■ WORK INSTRUCTION ■
Pictures must not appear in the copy. Restate exactly the lines below from the one with "The app was" through the one with "The Peserico's men's", inclusive.

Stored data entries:
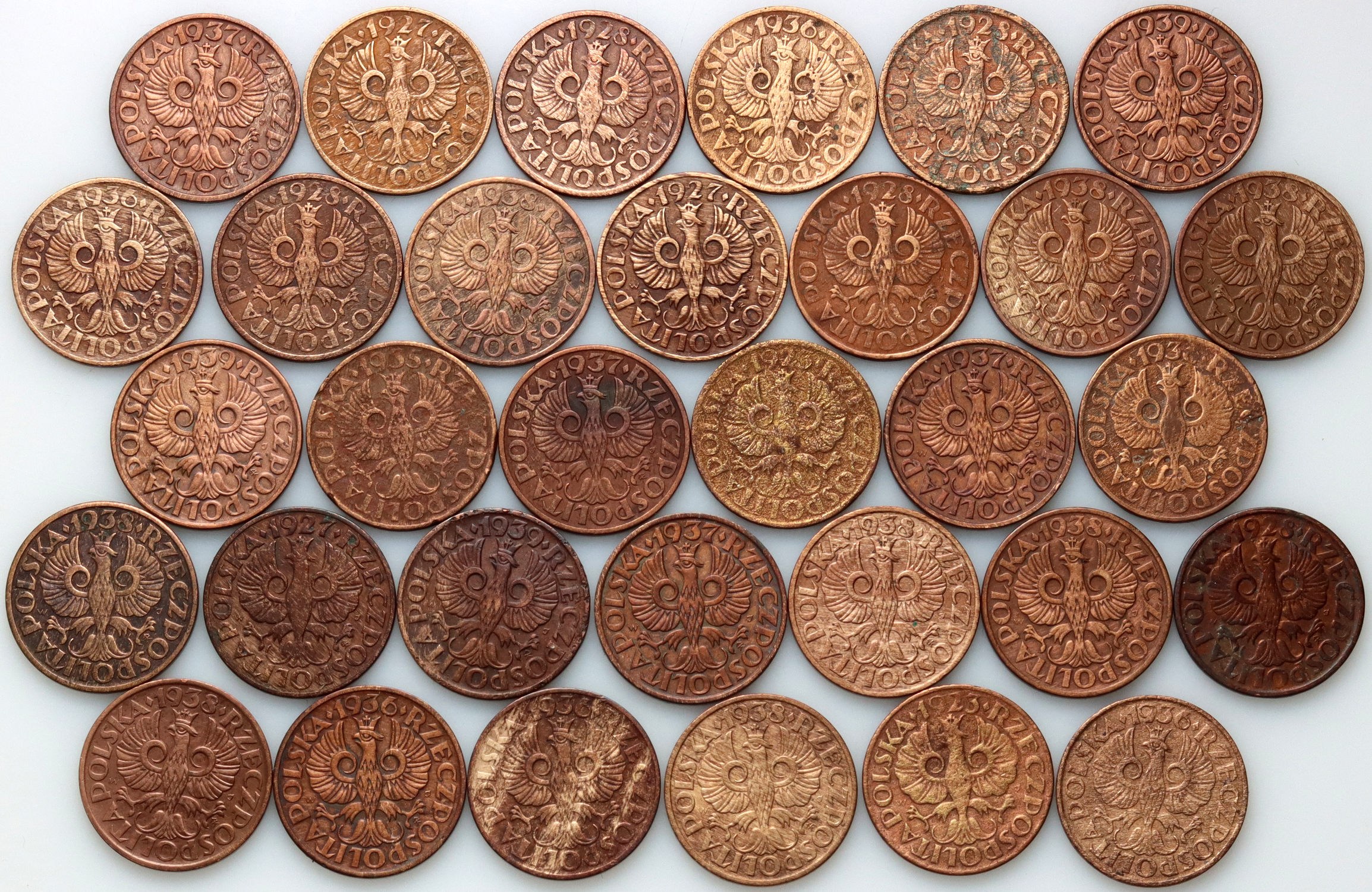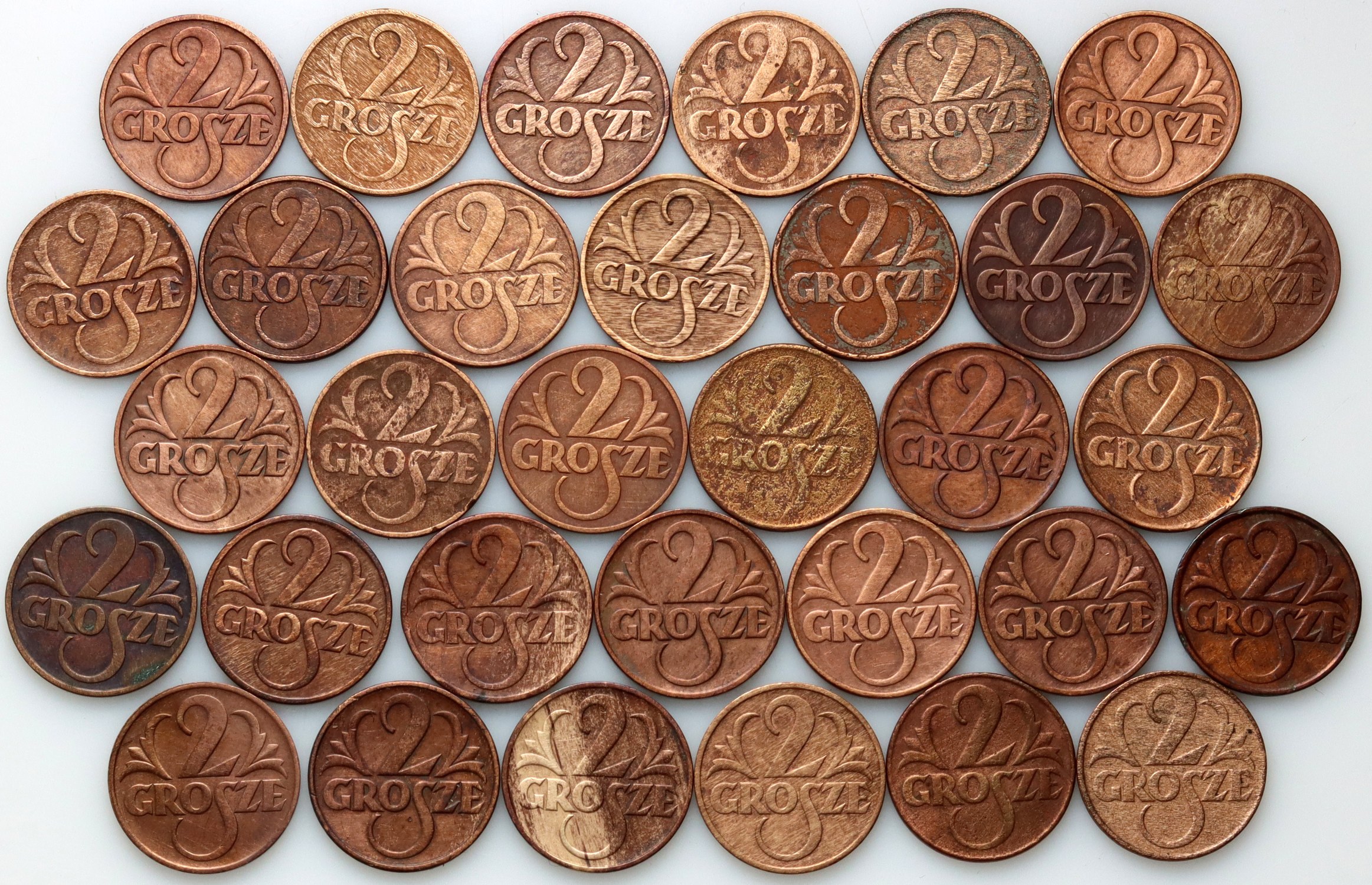 II RP, zestaw monet 2 grosze z lat 1923-1939, (32 sztuki)
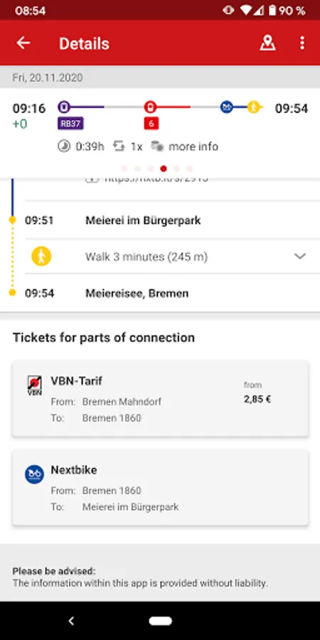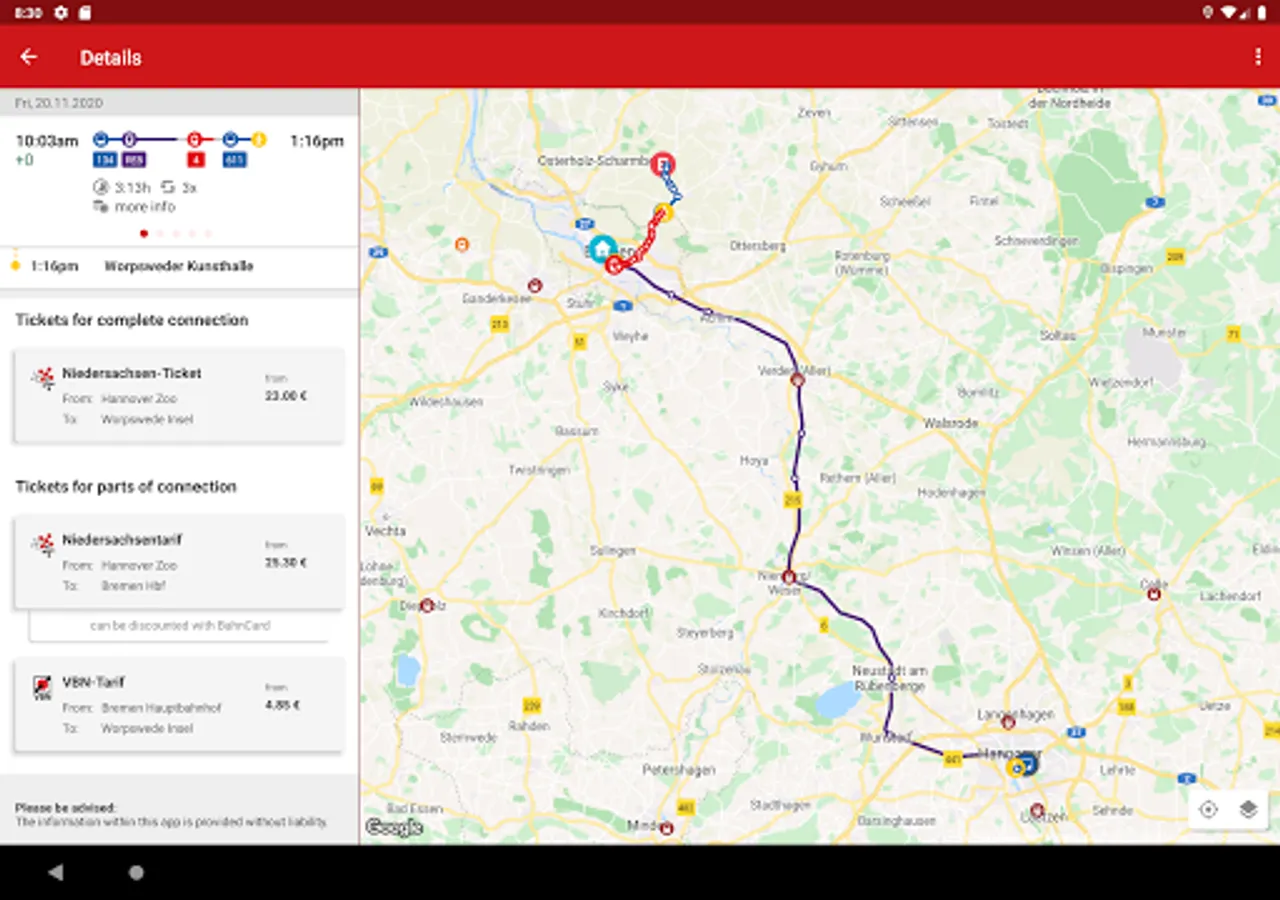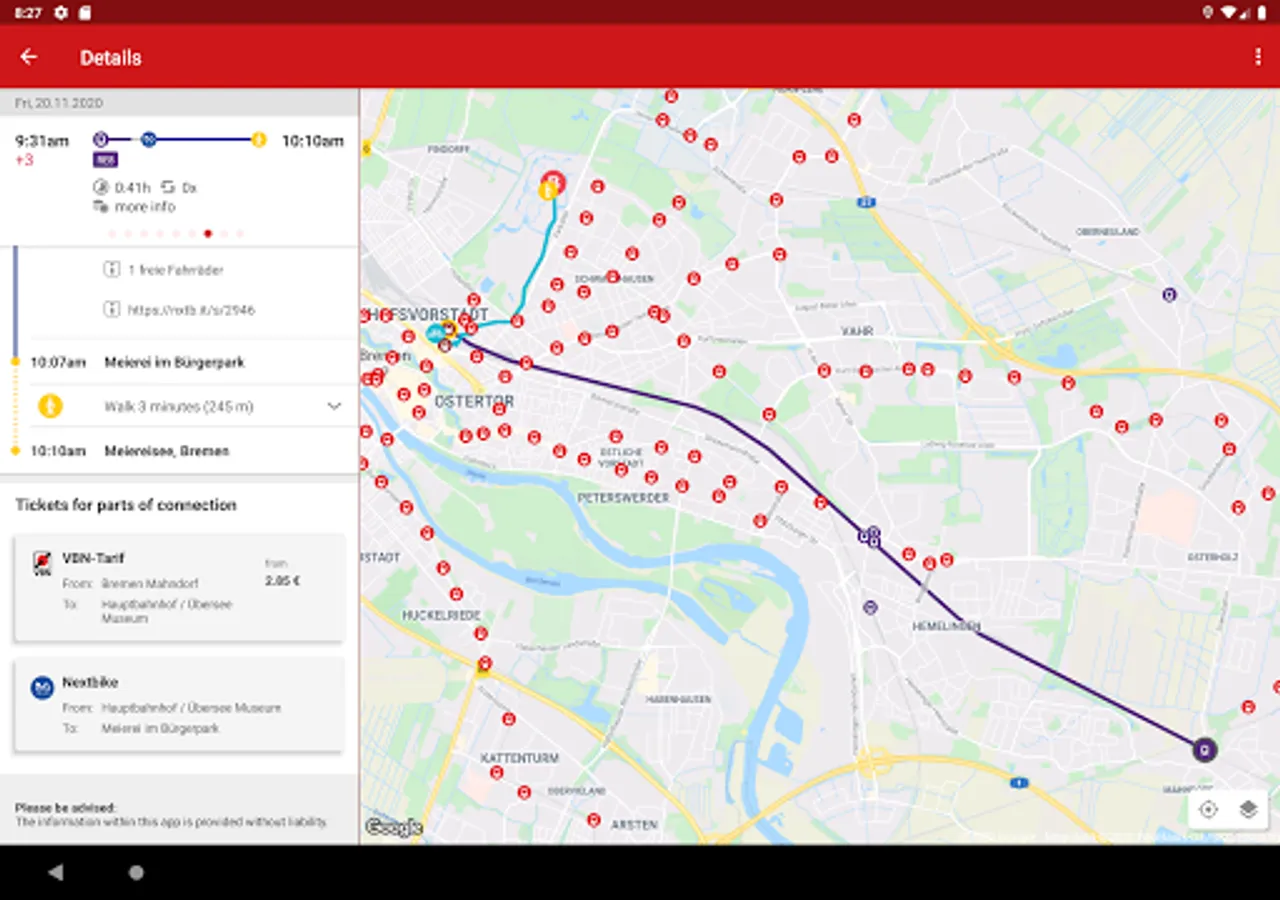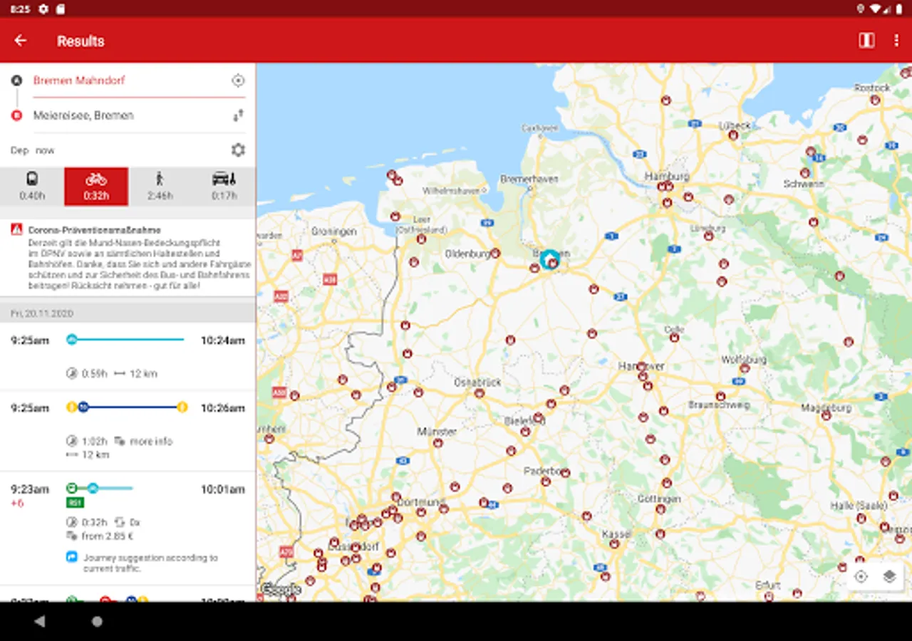 The app was funded by Landesnahverkehrsgesellschaft Niedersachsen GmbH (LNVG), Die Senatorin für Klimaschutz, Umwelt, Mobilität, Stadtentwicklung und Wohnungsbau (SKUMSW), Zweckverband Verkehrsverbund Bremen/Niedersachsen (ZVBN) and the Federal Ministry of Transport and Digital Infrastructure (BMVI) through the funding program "Digitalisation of local transport systems".
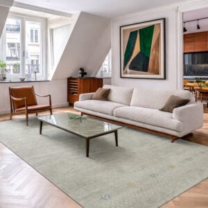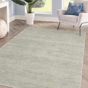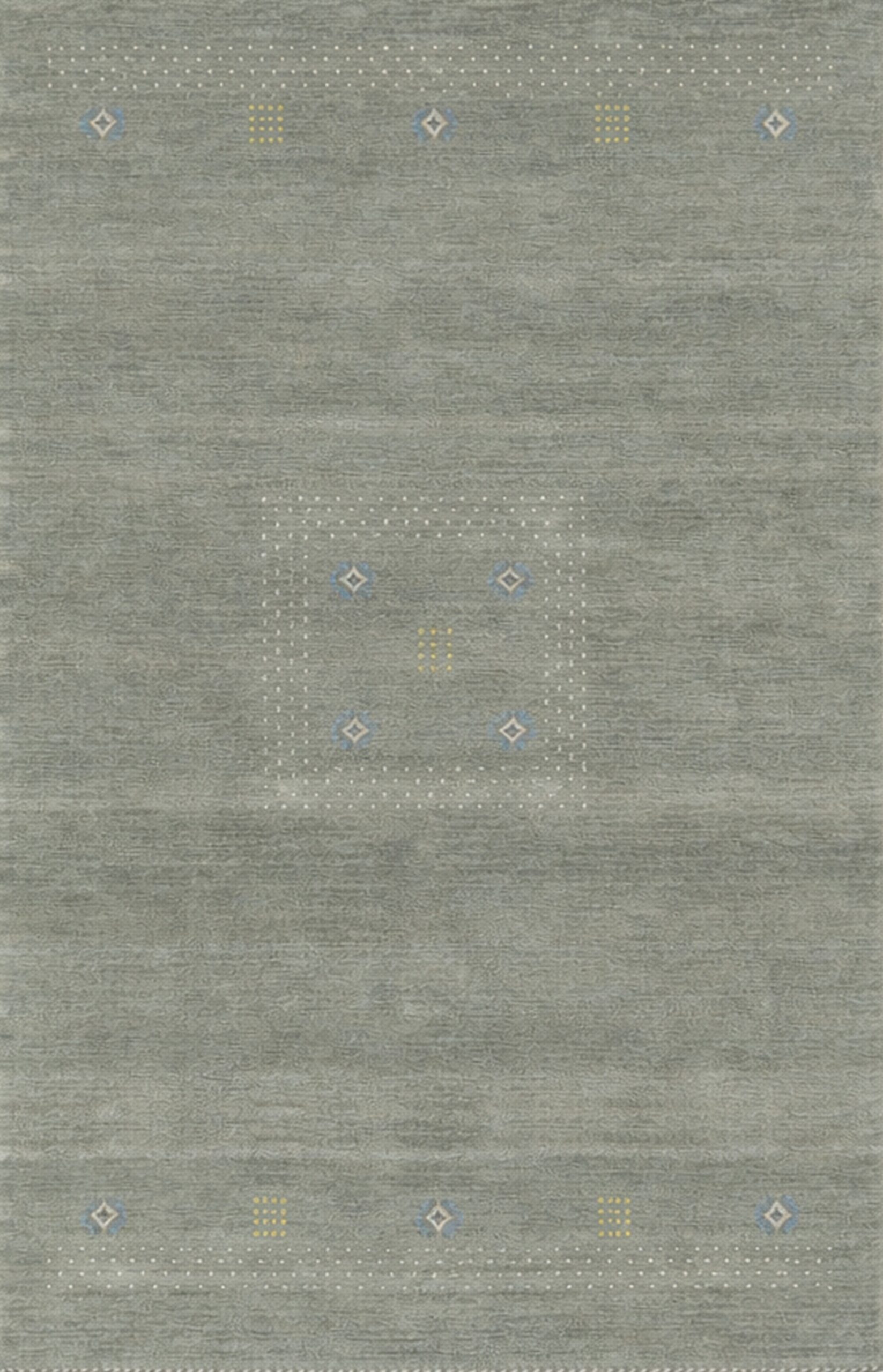 While minimalist in overall appearance, the Freya rug features carefully placed, primitive geometric elements—small diamonds and dotted squares—rendered in contrasting pale and ochre tones. This restrained ornamentation prevents the piece from feeling stark, offering visual interest without compromising the clean lines favored in new area rugs.
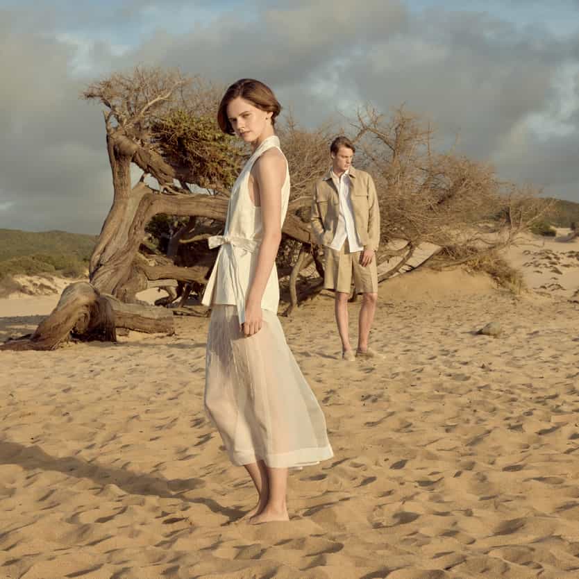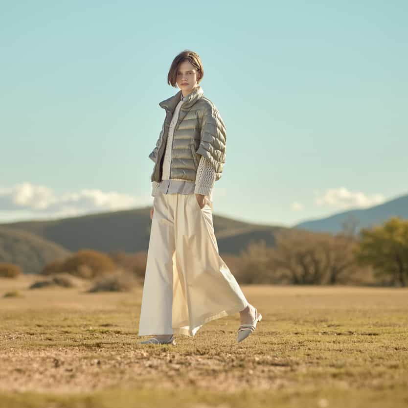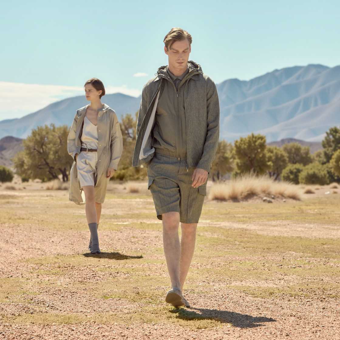 The Peserico's men's collection is now available in store, combining the three different themes of Nomad Gents, Suburban Gentleman and Havana Sands. Technical high-performance wind-proff, water-repellent and softshell garments in shades of navy blue alongside the soft and deconstructed volumes in natural fibers of the Suburban Gentleman and the shades of ocher yellow and ecru in linen and cotton of the Havana Sands theme for a unique and unmistakable style.
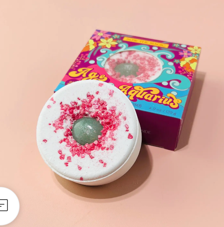 As the Moon aligns with Earth and Sun we enter into a new era of peace and harmony. This is the Age of Aquarius! Shift your energy to a state of relaxation with this lemongrass scented bath bomb that transforms your bath into a space where new beginnings and dreams become reality. A natural Aventurine stone is included in each bomb to protect positive energy and promote spiritual healing. Directions: Open the package and place bath bomb under running water. Steep in bath for as long as desired. Aventurine gemstone inside.
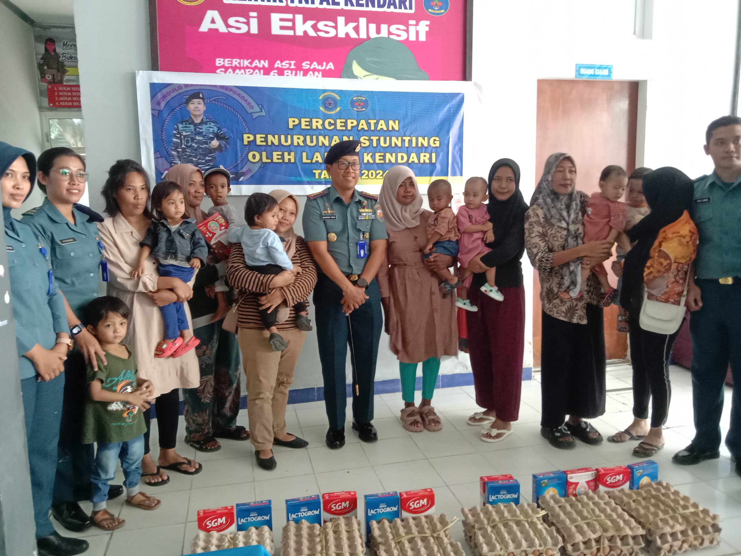 Radarkendari.com, KENDARI – Komandan Pangkalan Angkatan Laut (Danlanal) Kendari Kolonel Laut (P) I Gede Dharma Yoga menyalurkan bantuan makanan bergizi bagi balita stunting yang berlangsung di Klinik Lanal Kendari, Kasilampe, Kamis (30/5) siang.

■ ANSWER SECTION ■
 The app was funded by Landesnahverkehrsgesellschaft Niedersachsen GmbH (LNVG), Die Senatorin für Klimaschutz, Umwelt, Mobilität, Stadtentwicklung und Wohnungsbau (SKUMSW), Zweckverband Verkehrsverbund Bremen/Niedersachsen (ZVBN) and the Federal Ministry of Transport and Digital Infrastructure (BMVI) through the funding program "Digitalisation of local transport systems".
 While minimalist in overall appearance, the Freya rug features carefully placed, primitive geometric elements—small diamonds and dotted squares—rendered in contrasting pale and ochre tones. This restrained ornamentation prevents the piece from feeling stark, offering visual interest without compromising the clean lines favored in new area rugs.
 The Peserico's men's collection is now available in store, combining the three different themes of Nomad Gents, Suburban Gentleman and Havana Sands. Technical high-performance wind-proff, water-repellent and softshell garments in shades of navy blue alongside the soft and deconstructed volumes in natural fibers of the Suburban Gentleman and the shades of ocher yellow and ecru in linen and cotton of the Havana Sands theme for a unique and unmistakable style.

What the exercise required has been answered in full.